24. A compressor assembly as recited in claim 23, wherein the
second and third fluid supplies are the same.
25. A compressor assembly as recited in claim 23, further
comprising a high pressure holding tank coupled to the second check
valve for accepting the fluid from the second volume.
26. A compressor assembly as recited in claim 23, wherein the high
pressure holding tank is coupled to a pressure release valve.
27. A compressor assembly as recited in claim 26, wherein the
pressure release valve is coupled to the atmosphere.
28. A compressor assembly as recited in claim 26, wherein the
pressure release valve is coupled to the first volume coupling
means.
Description
BACKGROUND OF THE INVENTION
This invention relates to compressors, and particularly to a
compressor for producing pressurized fluid at a high pressure from
pressurized fluid at a low pressure.
Sometimes with devices such as hydraulic jacks, shearing machines
and other hydraulically-operated devices, it is desirable to have
pressurized fluid, typically compressed air, at two different
pressures. This could be accomplished using a single compressor by
providing air to a high pressure tank and connecting the high
pressure tank through a pressure reducing valve to a low pressure
tank. However, in some situations the compressor being used will
only provide air at the lower pressure, not the higher pressure. It
may not be economically feasible to change the lower pressure
compressor for a higher pressure compressor or to purchase a
supplemental, higher pressure compressor.
SUMMARY OF THE INVENTION
The present invention is directed to a compressor which uses a
lower pressure fluid to automatically create a higher pressure
fluid.
A compressor made according to the invention includes a pressure
intensifier, first and second check valves, and a pressurized fluid
supply. The pressure intensifier includes a housing and a piston
assembly. The housing defines first and second cylinders such that
the diameter of the first cylinder is longer than the diameter of
the second cylinder. The piston assembly has first and second
pistons coupled to one another, preferably by a common shaft. The
pistons are sized for reciprocal movement within the first and
second cylinders between forward and retracted positions First and
second variable volumes are defined within the first and second
cylinders as the piston assembly reciprocates within the housing.

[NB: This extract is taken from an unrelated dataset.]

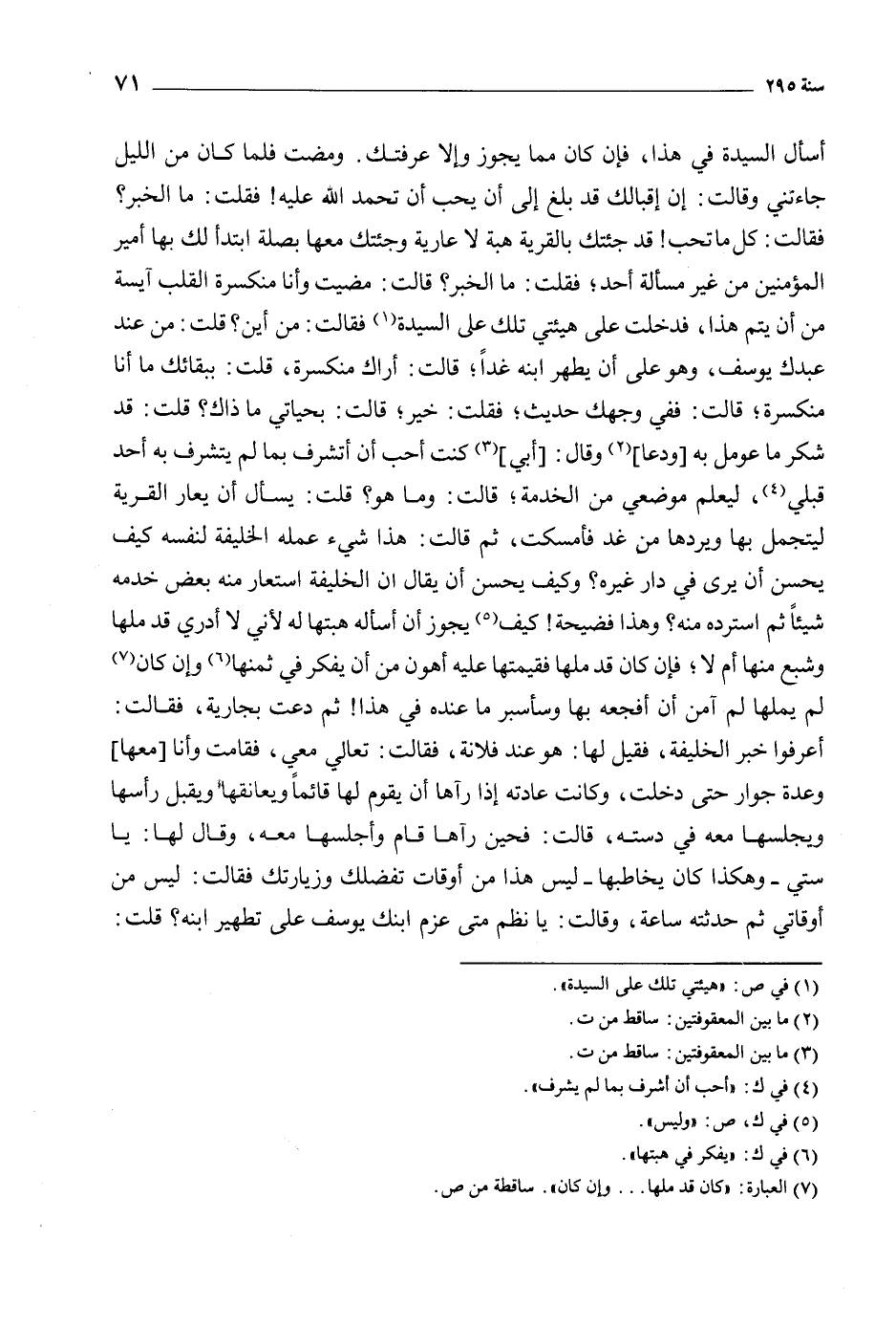 فقالت: كل ما تحب! قد جئتك بالقرية هبة لا عارية وجئتك معها بصلة ابتدأ لك بها أمير المؤمنين من غير مسألة أحد، فقلت: ما الخبر؟ قالت: مضيت وأنا منكسرة القلب آيسة من أن يتم هذا، فدخلت على هيئتي تلك على السيدة [1] فقالت: من أين؟ قلت: من عند عبدك يُوسُف، وهو على أن يطهر ابنه غدا، قالت: أراك منكسرة، قلت: ببقائك ما أنا منكسرة، قالت: ففي وجهك حديث، فقلت: خير، قالت: بحياتي ما ذاك؟ قلت: قد شكر ما عومل به [ودعا] [2] وقال: [أبي] [3] كنت أحب أن أتشرف بما لم يتشرف به أحد قبلي [4] ، ليعلم موضعي من الخدمة، قالت: وما هو؟ قلت: يسأل إن يعار القرية ليتجمل بها ويردها من غد فأمسكت، ثم قالت: هذا شيء عمله الخليفة لنفسه كيف يحسن أن يرى في دار غيره؟ وكيف يحسن أن يقال إن الخليفة استعار منه بعض خدمه شيئا ثم استرده منه؟ وهذا فضيحة! كيف [5] يجوز أن أسأله هبتها له لأني لا أدري قد ملها وشبع منها أم لا، فإن كَانَ قد ملها فقيمتها عليه أهون من أن يفكر في ثمنها [6] وإن كَانَ [7] لم يملها لم آمن أن أفجعه بها وسأسبر ما عنده في هذا! ثم دعت بجارية، فقالت:

An inlet, which is coupled to the pressurized fluid supply, opens
into the first volume of the housing, while an outlet and a
supplemental inlet open into the second volume. The first check
valve is coupled to the supplemental inlet such that fluid from,
typically, the ambient atmosphere flows through the first check
valve and into the second volume through the supplemental inlet.
The first check valves could be connected to a pressurized fluid
supply instead of the ambient atmosphere. The second check valve is
coupled to the outlet such that fluid flows from the second volume,
through the outlet and through the second check valve.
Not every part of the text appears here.